▶ _Recorded data_
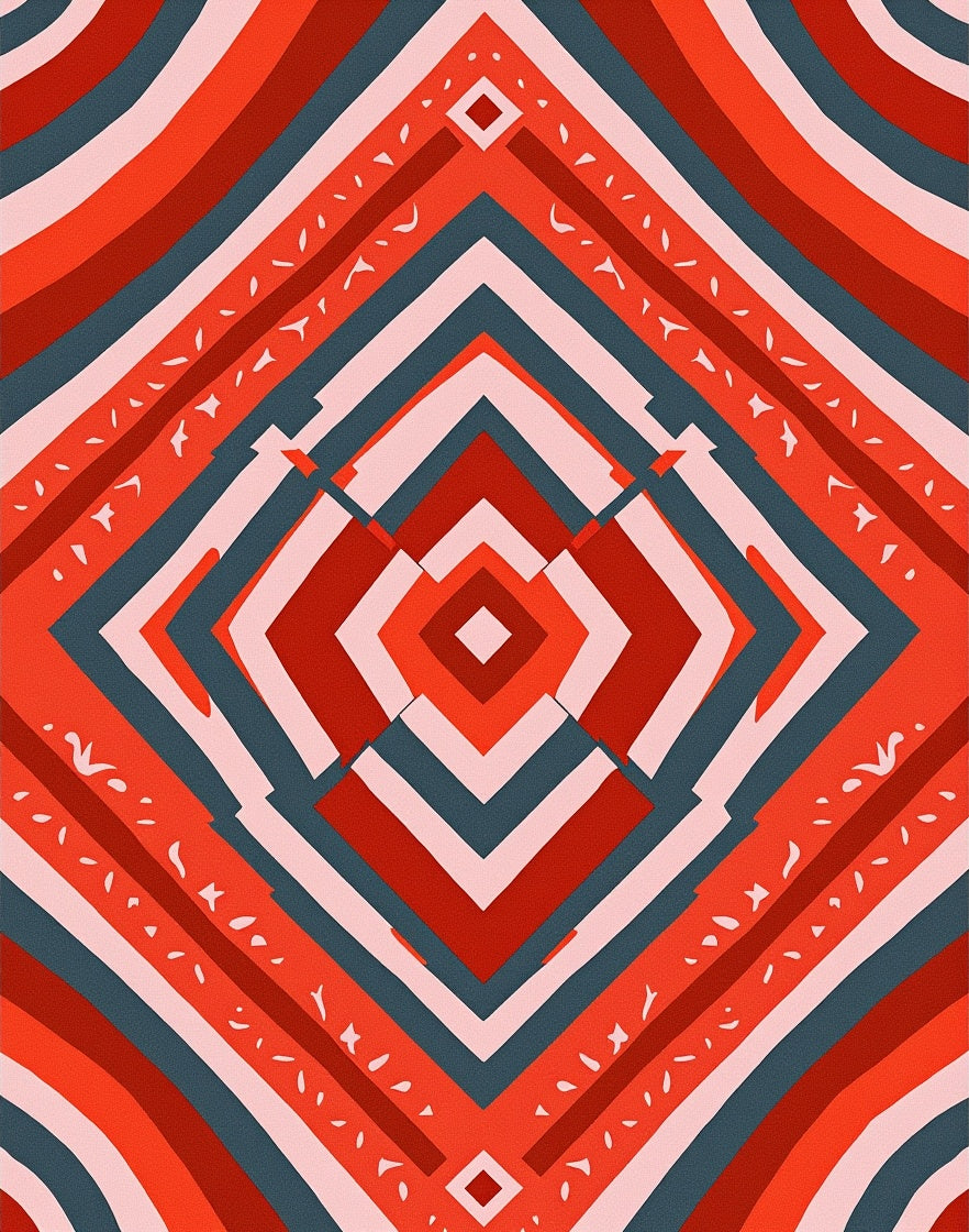 Modern Boho Chevron with Interlocking Zigzag and Accents(Red)
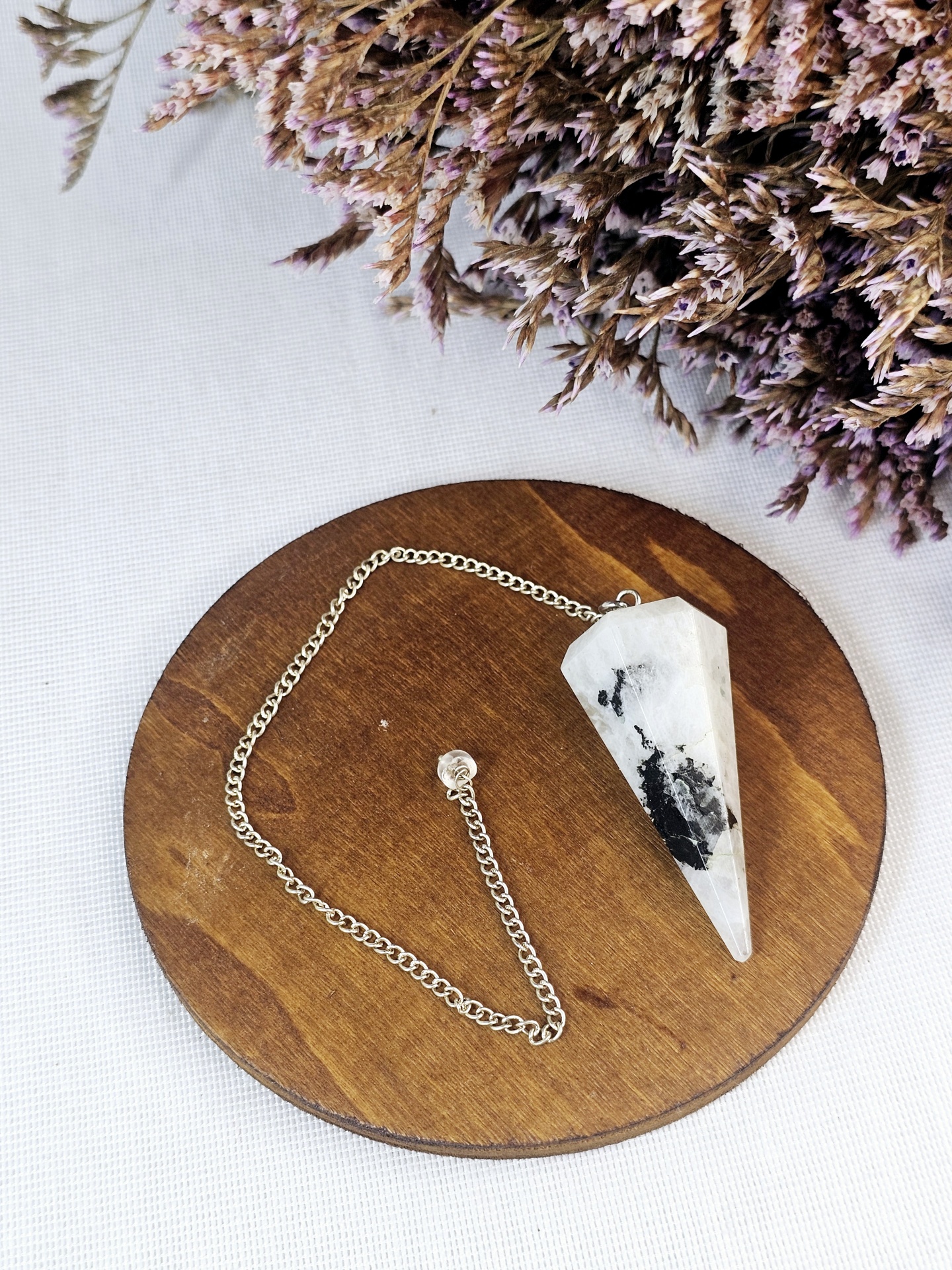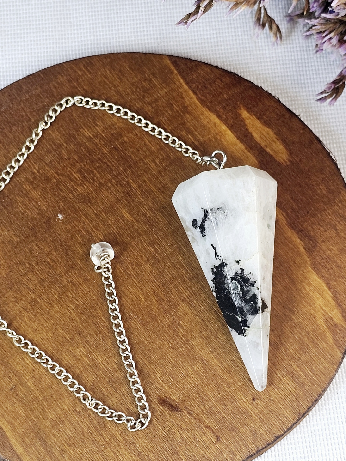 O Pêndulo de Pedra da Lua (Moonstone) é uma ferramenta espiritual elegante e carregada de simbolismo, ideal para práticas de meditação, cura energética e radiestesia. Feito com a delicada e mística Pedra da Lua, conhecida pelas suas propriedades de equilíbrio emocional e conexão com a intuição, este pêndulo é perfeito para quem busca uma conexão mais profunda com suas emoções e ciclos naturais.
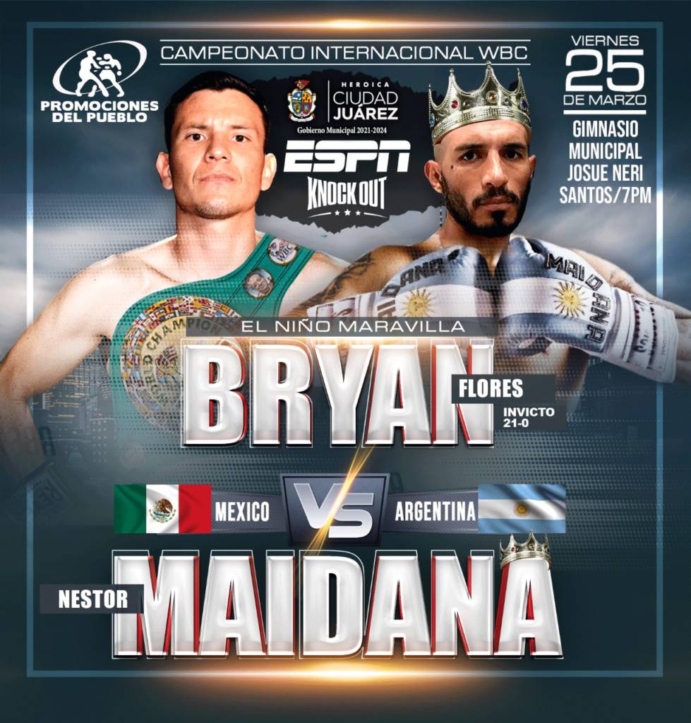 Cuando mexicanos y argentinos se encierran en un rombo de batalla, el espectáculo está garantizado; tal y como sucederá él próximo viernes 25 de marzo cuando se enfrenten el juarense Bryan ‘Niño Maravilla’ Flores y el noqueador Nestor ‘CH’ Maidana en el turno estelar de la transmisión en la señal internacional de ESPN Knockout.
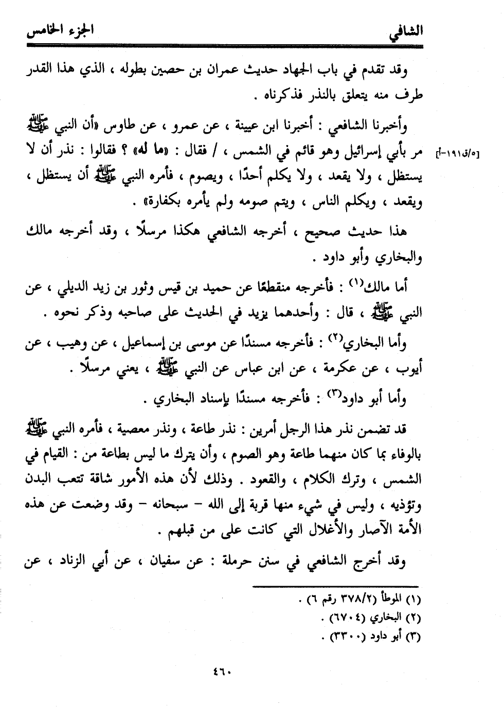 وأخبرنا الشافعي: أخبرنا ابن عيينة، عن عمرو، عن طاوس "أن النبي - صلى الله عليه وسلم - مر بأبي إسرائيل وهو قائم في الشمس، فقال: "ما له"؟ فقالوا: نذر أن لا يستظل، ولا يقعد، ولا يكلم أحدًا، ويصوم، فأمره النبي - صلى الله عليه وسلم - أن يستظل، ويقعد، ويكلم الناس، ويتم صومه ولم يأمره بكفارة".

▶ _Work instructions_
What you return should be the full listing, unchanged, minus the pictures.

▶ _Solution to this exercise_
 Modern Boho Chevron with Interlocking Zigzag and Accents(Red)
 O Pêndulo de Pedra da Lua (Moonstone) é uma ferramenta espiritual elegante e carregada de simbolismo, ideal para práticas de meditação, cura energética e radiestesia. Feito com a delicada e mística Pedra da Lua, conhecida pelas suas propriedades de equilíbrio emocional e conexão com a intuição, este pêndulo é perfeito para quem busca uma conexão mais profunda com suas emoções e ciclos naturais.
 Cuando mexicanos y argentinos se encierran en un rombo de batalla, el espectáculo está garantizado; tal y como sucederá él próximo viernes 25 de marzo cuando se enfrenten el juarense Bryan ‘Niño Maravilla’ Flores y el noqueador Nestor ‘CH’ Maidana en el turno estelar de la transmisión en la señal internacional de ESPN Knockout.
 وأخبرنا الشافعي: أخبرنا ابن عيينة، عن عمرو، عن طاوس "أن النبي - صلى الله عليه وسلم - مر بأبي إسرائيل وهو قائم في الشمس، فقال: "ما له"؟ فقالوا: نذر أن لا يستظل، ولا يقعد، ولا يكلم أحدًا، ويصوم، فأمره النبي - صلى الله عليه وسلم - أن يستظل، ويقعد، ويكلم الناس، ويتم صومه ولم يأمره بكفارة".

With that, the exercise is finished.